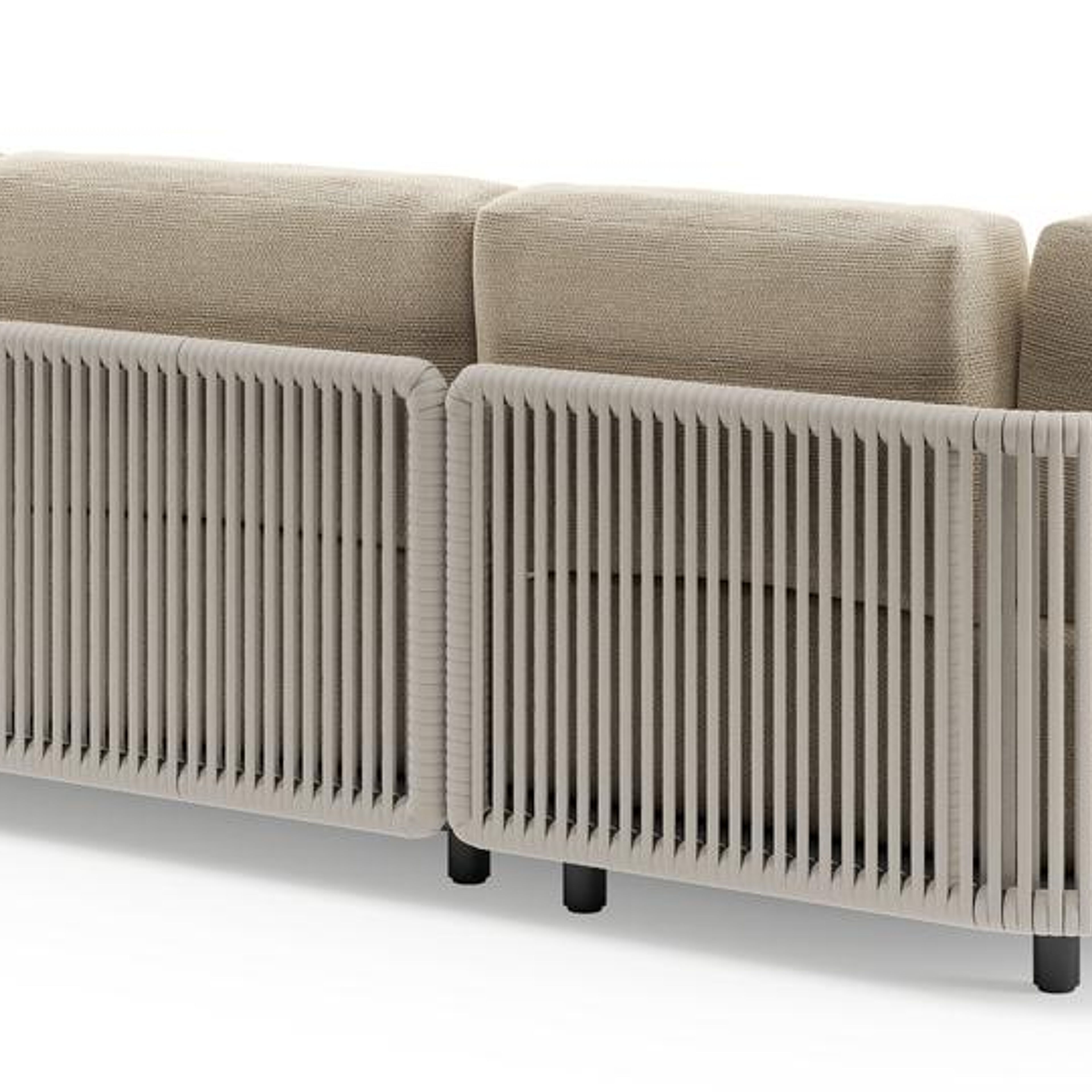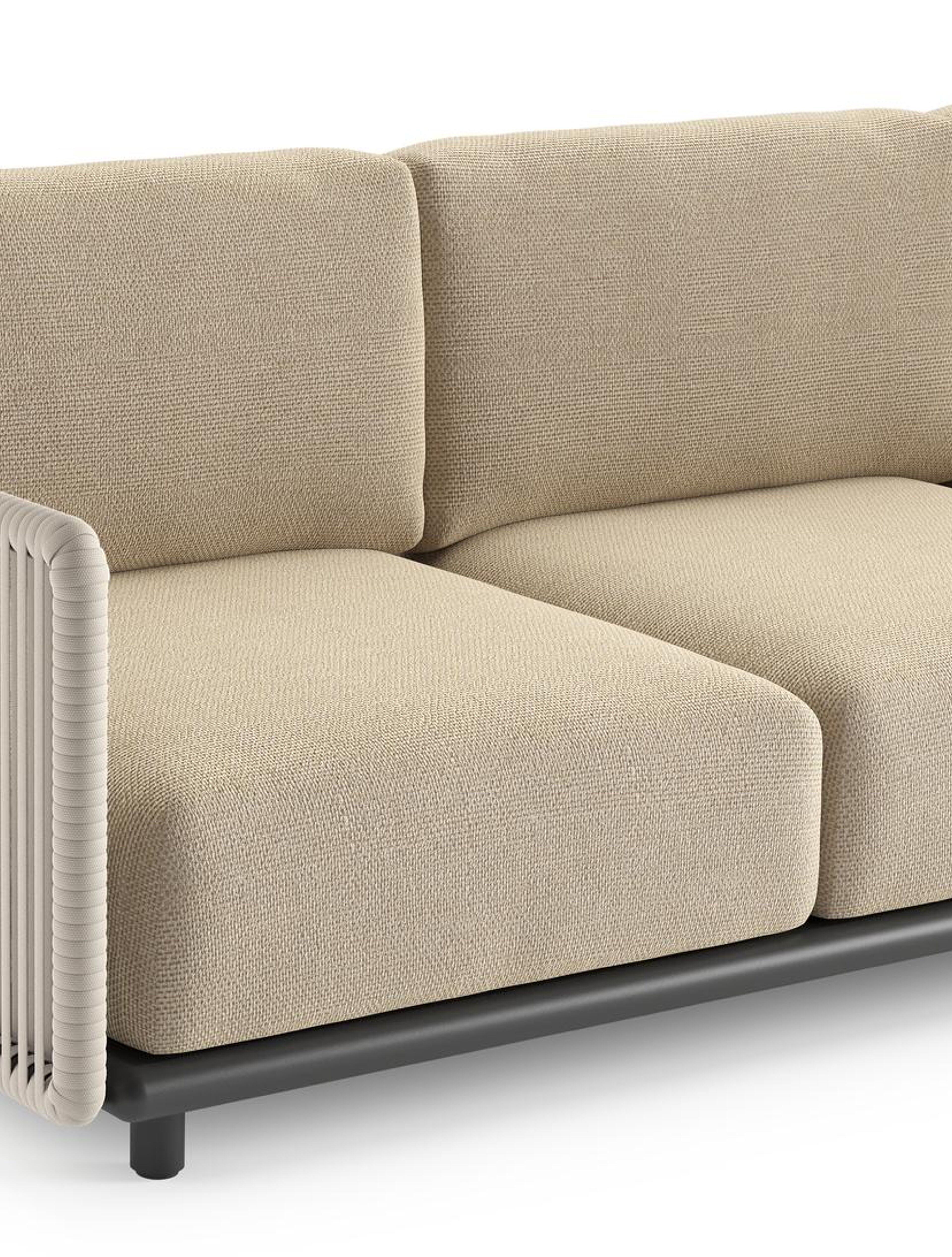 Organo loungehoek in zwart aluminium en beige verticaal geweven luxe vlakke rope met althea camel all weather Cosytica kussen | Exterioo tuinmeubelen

####

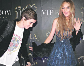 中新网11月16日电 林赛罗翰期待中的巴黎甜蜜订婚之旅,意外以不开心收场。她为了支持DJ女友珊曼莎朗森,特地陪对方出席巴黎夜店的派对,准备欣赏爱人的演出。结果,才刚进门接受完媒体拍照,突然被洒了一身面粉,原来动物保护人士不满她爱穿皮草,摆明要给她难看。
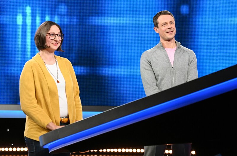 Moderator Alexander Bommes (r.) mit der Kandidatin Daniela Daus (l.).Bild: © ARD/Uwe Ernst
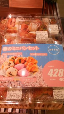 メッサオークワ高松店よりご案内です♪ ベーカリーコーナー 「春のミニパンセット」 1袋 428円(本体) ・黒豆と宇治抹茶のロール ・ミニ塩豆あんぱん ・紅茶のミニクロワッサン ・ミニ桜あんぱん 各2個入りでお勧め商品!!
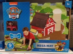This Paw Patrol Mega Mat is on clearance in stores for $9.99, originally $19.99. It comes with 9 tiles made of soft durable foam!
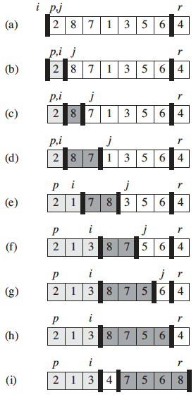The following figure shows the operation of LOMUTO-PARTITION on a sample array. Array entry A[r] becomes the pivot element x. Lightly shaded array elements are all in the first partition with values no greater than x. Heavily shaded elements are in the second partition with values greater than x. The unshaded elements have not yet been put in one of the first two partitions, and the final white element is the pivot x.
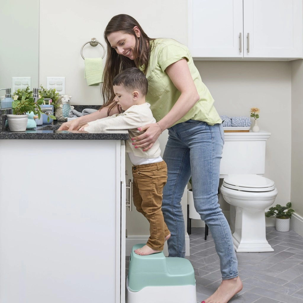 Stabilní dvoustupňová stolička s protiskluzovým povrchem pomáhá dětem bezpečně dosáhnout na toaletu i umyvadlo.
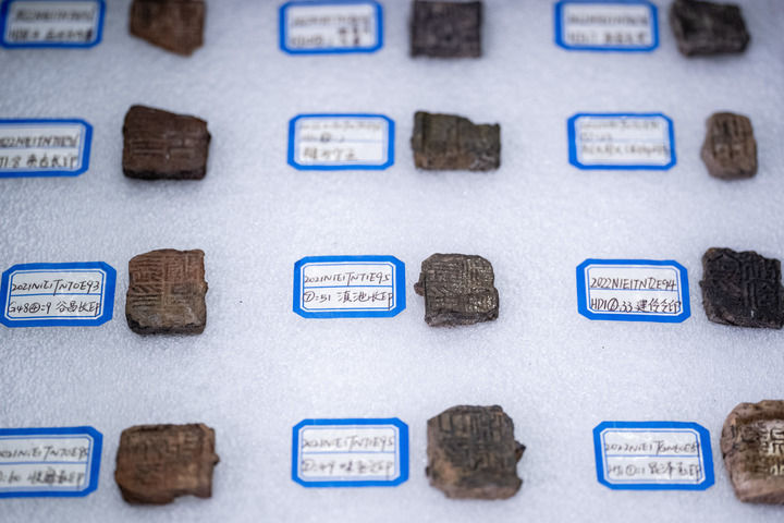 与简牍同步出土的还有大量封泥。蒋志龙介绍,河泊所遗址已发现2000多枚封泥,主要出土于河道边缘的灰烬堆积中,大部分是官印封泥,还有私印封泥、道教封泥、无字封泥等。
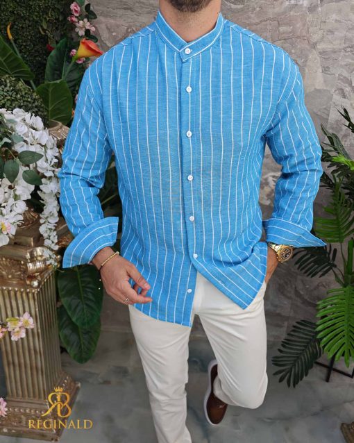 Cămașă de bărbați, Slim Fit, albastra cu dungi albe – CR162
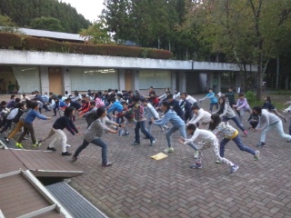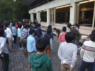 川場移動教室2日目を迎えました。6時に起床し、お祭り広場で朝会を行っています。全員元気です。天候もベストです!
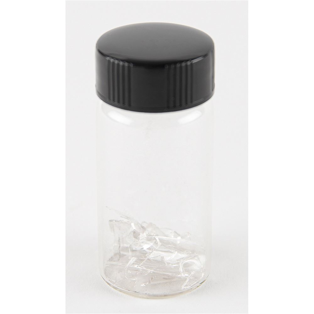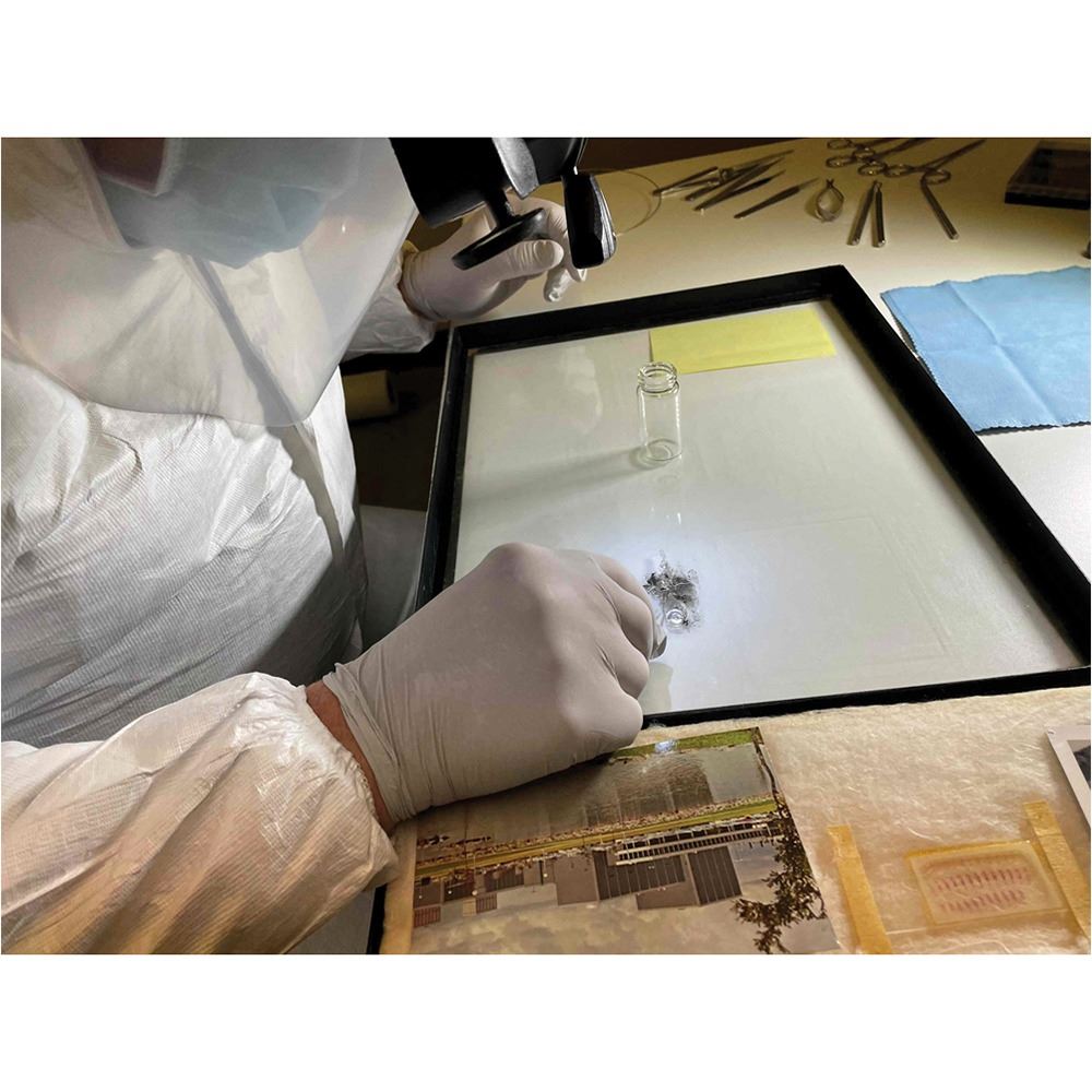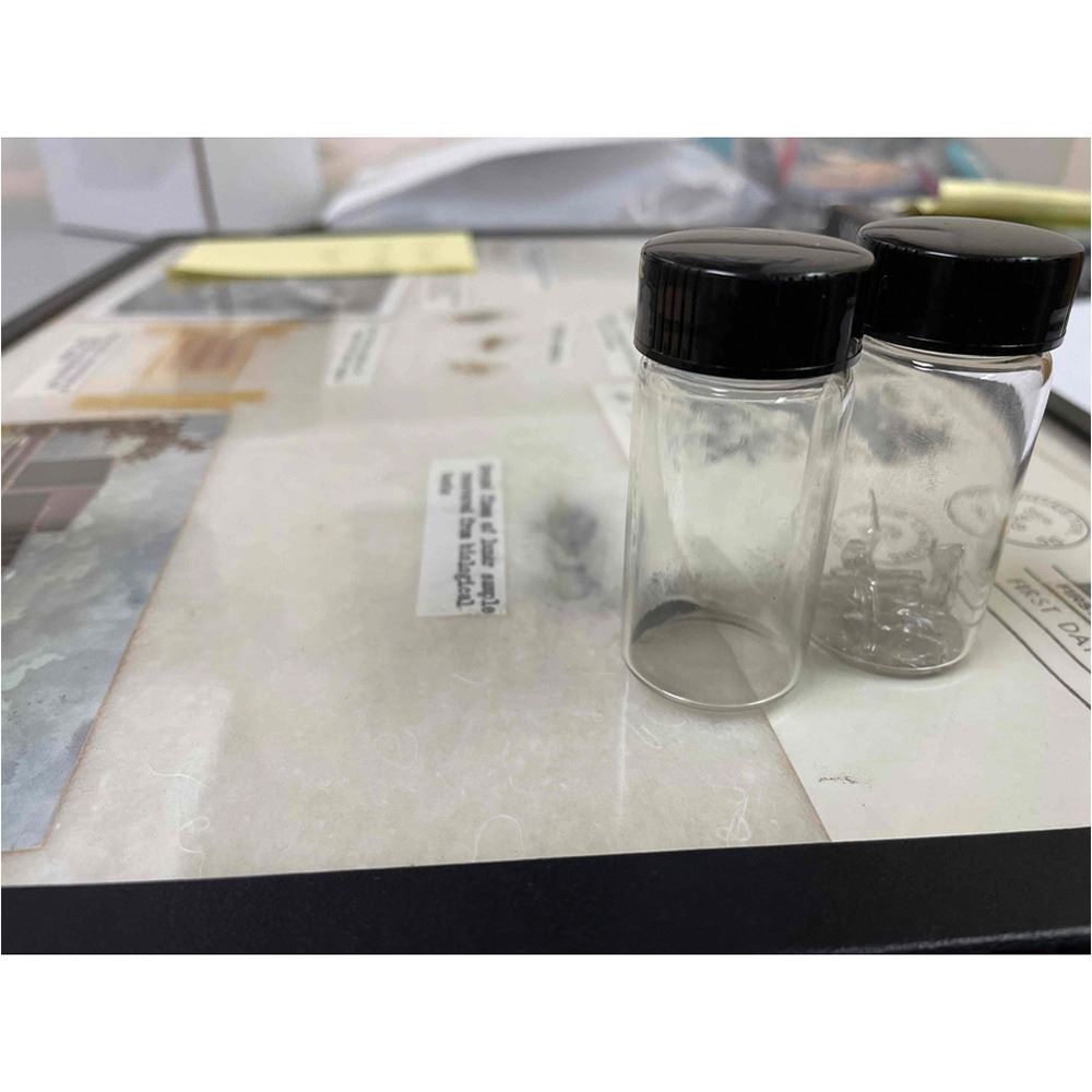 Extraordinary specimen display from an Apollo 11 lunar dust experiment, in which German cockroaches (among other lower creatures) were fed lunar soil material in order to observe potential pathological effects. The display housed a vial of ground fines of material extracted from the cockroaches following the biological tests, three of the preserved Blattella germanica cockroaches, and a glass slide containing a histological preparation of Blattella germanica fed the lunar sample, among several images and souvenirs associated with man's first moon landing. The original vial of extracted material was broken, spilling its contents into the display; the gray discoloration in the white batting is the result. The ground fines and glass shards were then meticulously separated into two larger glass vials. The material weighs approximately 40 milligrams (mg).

####

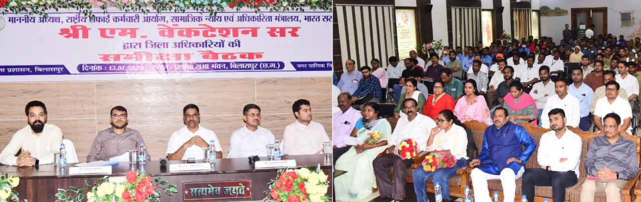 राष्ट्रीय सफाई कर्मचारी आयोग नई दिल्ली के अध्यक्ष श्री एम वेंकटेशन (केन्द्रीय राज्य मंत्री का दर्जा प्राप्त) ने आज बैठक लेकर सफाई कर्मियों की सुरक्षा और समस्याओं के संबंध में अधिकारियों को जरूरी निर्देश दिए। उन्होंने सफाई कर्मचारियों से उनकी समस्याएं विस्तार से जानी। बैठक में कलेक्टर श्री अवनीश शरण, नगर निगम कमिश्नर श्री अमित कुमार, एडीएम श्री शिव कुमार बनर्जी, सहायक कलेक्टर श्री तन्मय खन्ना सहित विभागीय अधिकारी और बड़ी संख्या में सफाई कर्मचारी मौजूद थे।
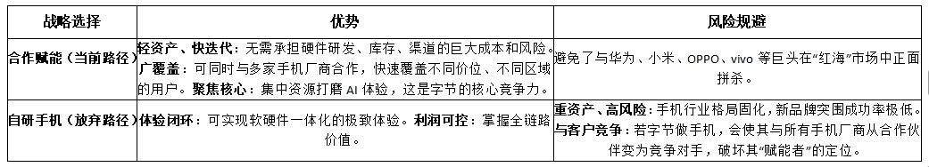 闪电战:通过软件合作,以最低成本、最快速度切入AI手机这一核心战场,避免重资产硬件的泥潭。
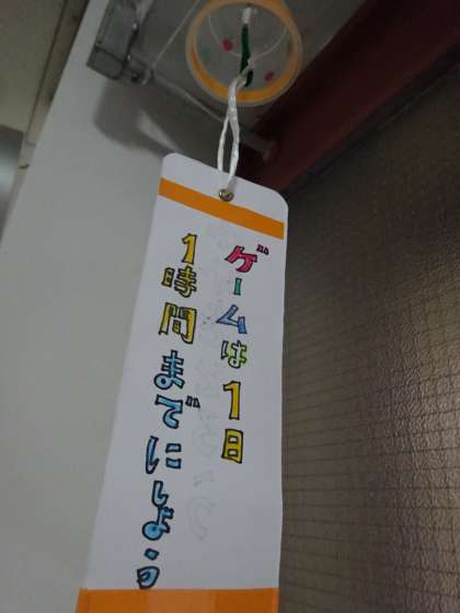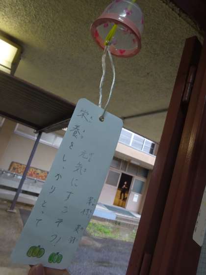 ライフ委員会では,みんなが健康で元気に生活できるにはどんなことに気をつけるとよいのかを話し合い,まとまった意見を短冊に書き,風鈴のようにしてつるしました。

####

▸ **WORK ORDER**: Using the data above, give again exactly the lines starting at the one holding "メッサオークワ高松店よりご案内です♪ ベーカリーコーナー 「春のミニパンセット」" and ending at the one holding "This Paw Patrol", inclusive, and nothing more. Omit the pictures.

▸ **TASK SOLUTION**:
 メッサオークワ高松店よりご案内です♪ ベーカリーコーナー 「春のミニパンセット」 1袋 428円(本体) ・黒豆と宇治抹茶のロール ・ミニ塩豆あんぱん ・紅茶のミニクロワッサン ・ミニ桜あんぱん 各2個入りでお勧め商品!!
This Paw Patrol Mega Mat is on clearance in stores for $9.99, originally $19.99. It comes with 9 tiles made of soft durable foam!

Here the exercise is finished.